● **Data section**:
☆ ☆ ☆ ☆ ☆ ☆ ☆

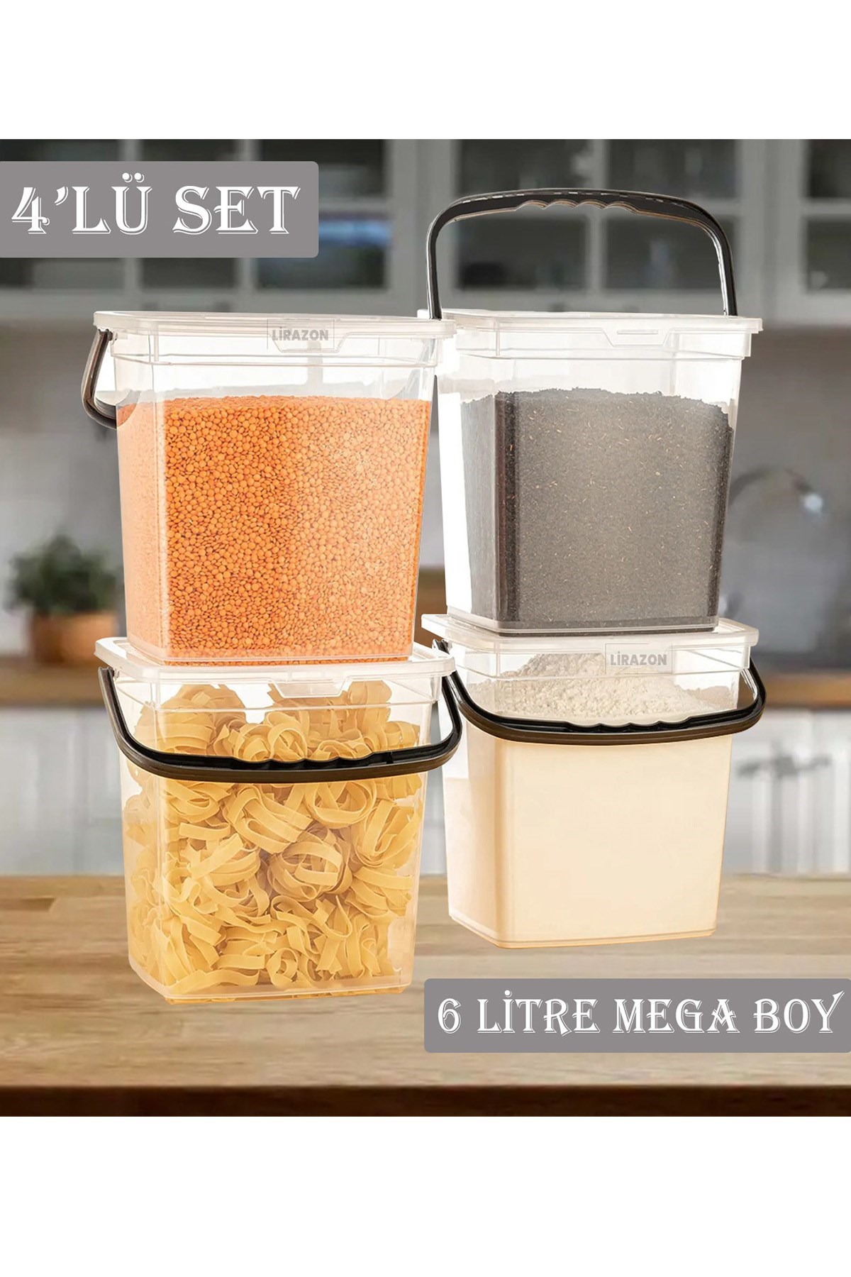 Pratik 4'Lü Şeffaf Saklama Kabı - 6 Litre Kapasite - Un Ve Bakliyat Depolama
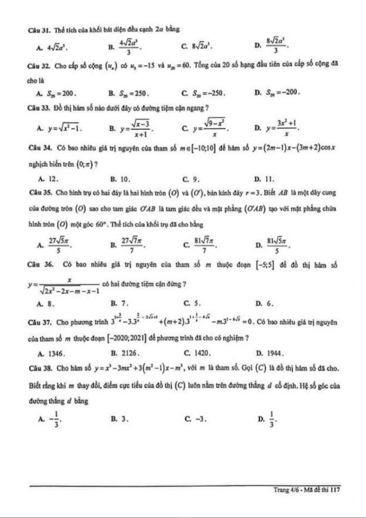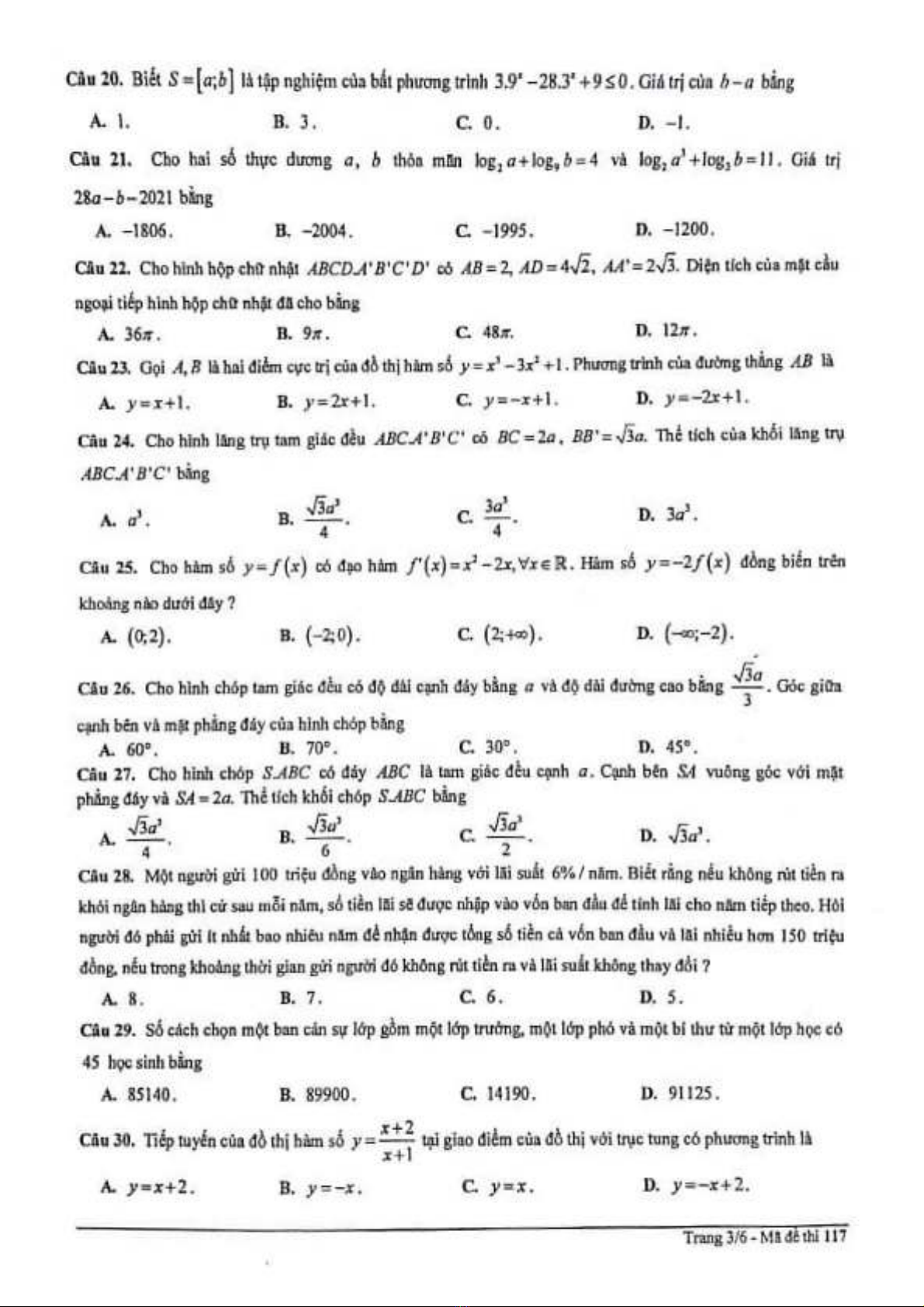 Đề thi chính thức tốt nghiệp THPT năm 2025 môn Toán có đáp án
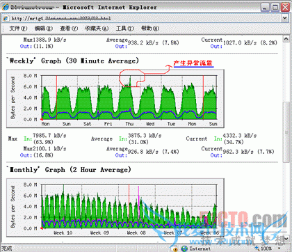 报警消息表明主机61.154.105.100在10:59的这个时间负载过大。而这个主机正好是tomcat服务器,看来问题就在这个上面.为了近一步确认自己的想法,我来查看一下网络流量:

☆ ☆ ☆ ☆ ☆ ☆ ☆

● **Work to complete**: Copy out exactly, without any pictures, the lines above that begin at the one with "Đề thi chính" and end at the last line of the listing.

● **Exercise solution**:
 Đề thi chính thức tốt nghiệp THPT năm 2025 môn Toán có đáp án
 报警消息表明主机61.154.105.100在10:59的这个时间负载过大。而这个主机正好是tomcat服务器,看来问题就在这个上面.为了近一步确认自己的想法,我来查看一下网络流量:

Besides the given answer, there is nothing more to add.